Best of all, however, is the interpenetration of fascism and Roman Catholicism that Almodóvar is able to portray. I know of no other film that makes clearer the bold suggestion that fascism is molded on the hierarchic, authoritative Church, that fascism is the political correlative to Roman Catholicism. I don’t know whether I accept this. I probably don’t. I only know that this idea and its compelling presentation give Bad Education a daring nothing else by Almodóvar has remotely approached. One feels that the filmmaker isn’t toying with us here, isn’t playing clever games, but is drawing this connection between fascism and Roman Catholicism from the bowels of his personal experience with both. For the first time, Almodóvar is functioning as an artist rather than as an entertainer, and nowhere more so than in the haunting, heartbreaking scene where Ignacio is compelled to sing “Moon River” to the priest’s guitar accompaniment—foreplay, it turns out, for the finale the priest has in mind. Almodóvar has provided gorgeous aesthetics before; but, here, he marshals devastating irony as well. For the tremulous purity of the child’s voice, matched by the overpowering physical beauty of the countryside in which the scene plays out, powerfully conveys, by way of contrast, a sense of priestly meanness, control, corruption, self-delusion and rationalization. Add to all this one thing more: Almodóvar also paints the priest generously and sympathetically. We see him a little like the serial child rapist and killer in Fritz Lang’s M (1931), as someone in the grip of a terrible compulsion he cannot control. All the more, this approach shifts our attention away from the peculiarities of an individual, Father Manolo, to the repressive structure of the Church. When has Almodóvar been this complex, this grown up?
How agreeable, too, is the fact that Almodóvar provides an alternative to the top-down victimization of children as metaphor for the fate of inhabitants of a fascist state. Pointedly, it occurs in the post-Franco part of the film. (Actually, the film zigs and zags between past and present.) During the shoot of the film-with-in-the-film, that is to say, Enrique’s film based on Ignacio’s script, we are given a lateral shot that shows the crew, helmed by the director, pulling together as the scene is filmed. The actors who are playing the scene in the film-within-the-film, although spatially divided from those involved in the shooting of the scene, are, of course, part of the same group effort: people working together, helping each other, toward a common goal. There is nothing so moving as this in, say, François Truffaut’s Day for Night (1973); here, the film-within-the-film contributes thematically, is given political context, resonates.

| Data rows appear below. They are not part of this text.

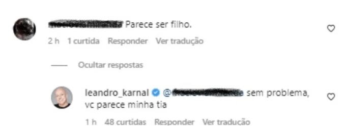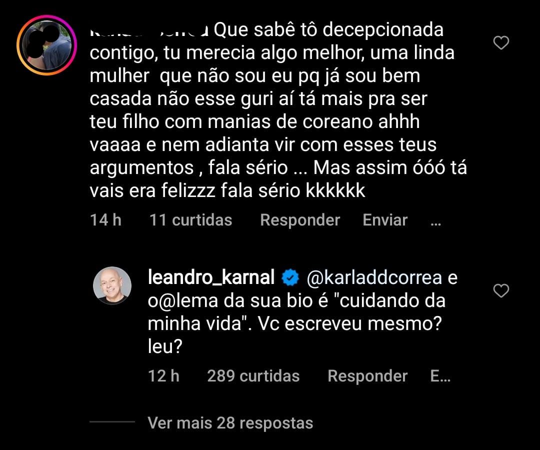 Uma mulher chegou a dizer que Leandro merecia "algo melhor". "Quer saber? Estou decepcionada contigo, tu merecia algo melhor, uma linda mulher, que não sou eu porque já sou bem casada, não esse guri aí, que está mais para ser teu filho", afirmou. "E o lema da sua bio é 'cuidando da minha vida', Você escreveu mesmo? Leu?", respondeu o historiador.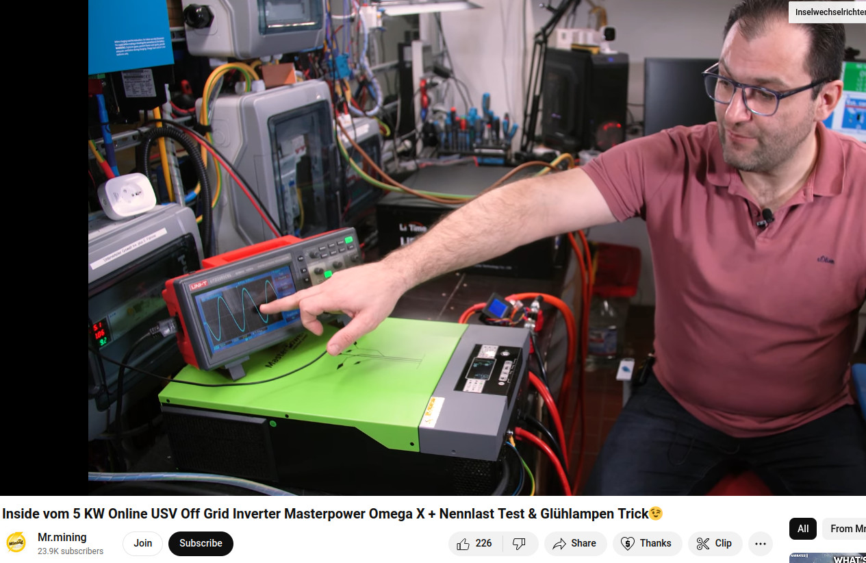Die Masterpower Klones zieht 80 Watt im Leerlauf und hat keine gute Standby Funktion welches angesteuert werden kann. Das ist nicht gut.Instabridge schrieb: PS: Denke die Voltronic = MPPSolar = Masterpower sind schon okay so lange man 1. keine grossen Erwartungen an die Langlebigkeit des Geräts hat 2. nicht mehr als 1000W ziehen möchte und die an einen AC-IN anschliesst (d.h. 24-7 durchlaufen, dabei 50W verbrauchen, weil jeden Tag on-off-on-off verschleissen die Dinger vermutlich recht flott (X < 3 Jahre?))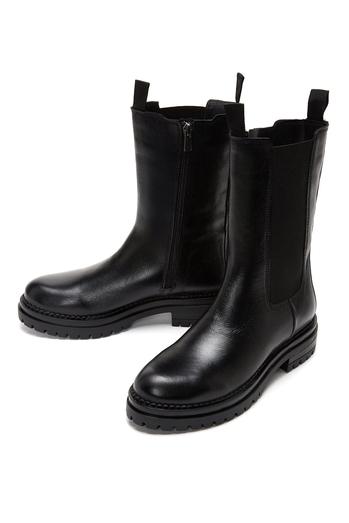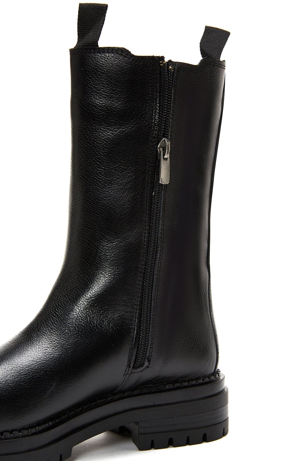 بوت زنانه چرم مشکی زیپ دار دری مد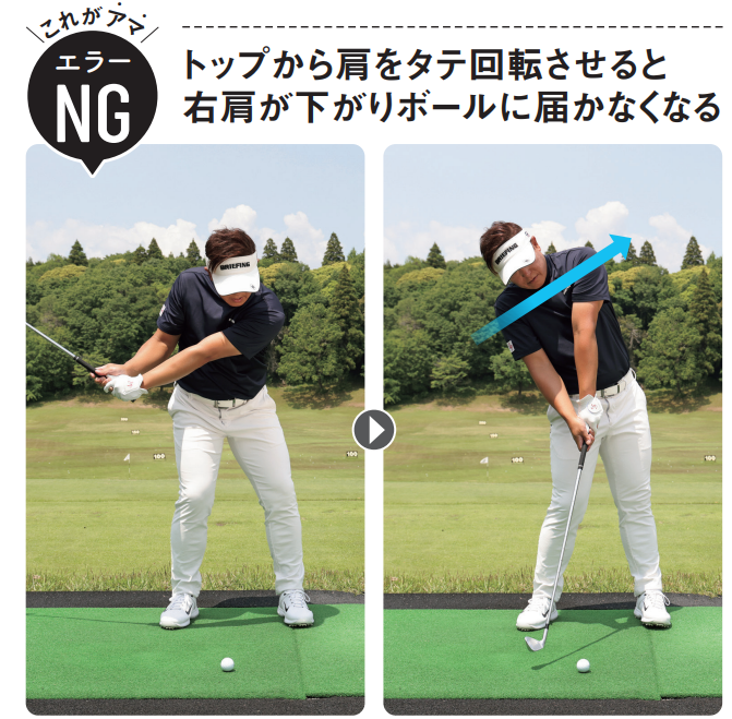 これがアマ!エラーNG:トップから肩をタテ回転させると右肩が下がりボールに届かなくなる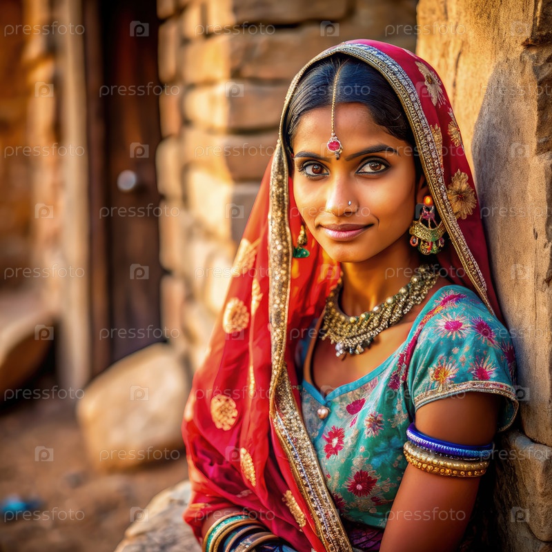 Молодая индийская женщина в традиционном платье опирается на кирпичную стену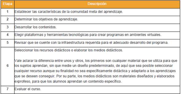 Como cualquier alternativa de aprendizaje, los programas o experiencias que se diseñen dentro de estos ambientes deben seguir un proceso de planeación didáctica, que atienda las siguientes etapas:
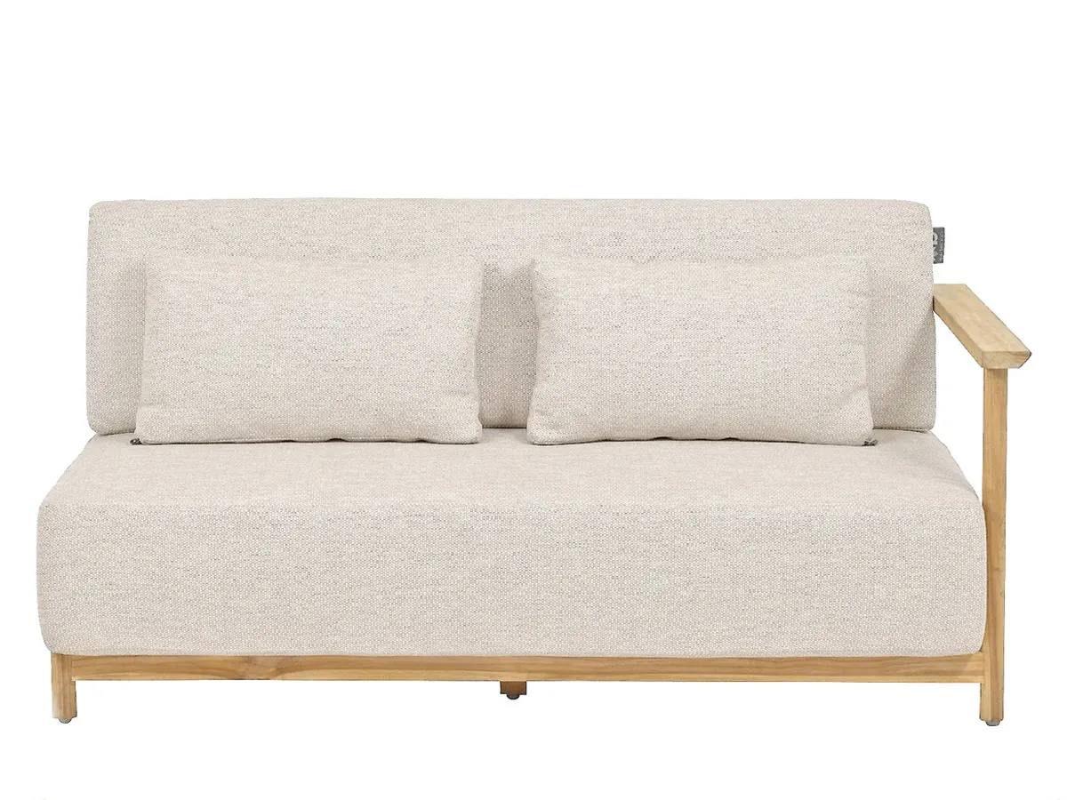 Deze doordachte combinatie zorgt ervoor dat de loungebank moeiteloos integreert in verschillende tuinstijlen, van modern tot klassiek.nnOptimaal comfort door slimme vormgevingDoor de asymmetrische vormgeving met linkse armleuning ontstaan veelzijdige plaatsingsmogelijkheden in jouw tuin. Het natuurlijke teakhout met matte afwerking straalt warmte uit, terwijl de lichtgrijze bekleding met fijne geweven textuur een neutrale elegantie toevoegt. Met afmetingen van 158 x 82 x 61 cm past deze loungebank perfect in moderne tuininrichtingen en creëert een ontspannen sfeer voor gezellige momenten buiten.nnTijdloze uitstraling voor jouw buitenruimteHet minimalistische ontwerp kenmerkt zich door strakke lijnen en een harmonieus kleurenpalet. Deze prachtige tuinbank combineert hoogwaardig teakhout met comfortabele Bee Wett kussens in een lichtgrijze uitvoering.

Part of the fun of Bad Education is keeping its imaginary projections—we “see” the actions indicated in Ignacio’s script as Enrique reads it—and its representations of reality straight. The film is dizzying at times. The confusion, though, is correlative to the mystery cloaking Angel’s identity. It turns out that Angel isn’t Ignacio after all but, instead, his younger brother, Juan, who, along with Father Manolo, murdered Ignacio, explaining to Enrique, “You don’t know what it’s like having a brother like that, living in a small town.” Ignacio was homosexual, and he developed women’s breasts as a result of hormone therapy in preparation for a sex-change operation. For the sake of his career, Juan beds with guys also, but his heart, if he has one, isn’t in it. Or perhaps he is in denial of his own sexuality. About “Ignacio”/Angel/Juan, one cannot be sure of much, so slippery, chameleon-like and apparently cold-blooded is he. But this much is certain: the performance that diminutive Gael García Bernal gives is amazing, including, in drag, as Zahara. Excellent, too, is Daniel Giménez Cacho as Father Manolo.
You don’t know what it’s like having a brother like that, living in a small town. Fascism reduces humanity to the parochial. No one should have to live in that particular small town.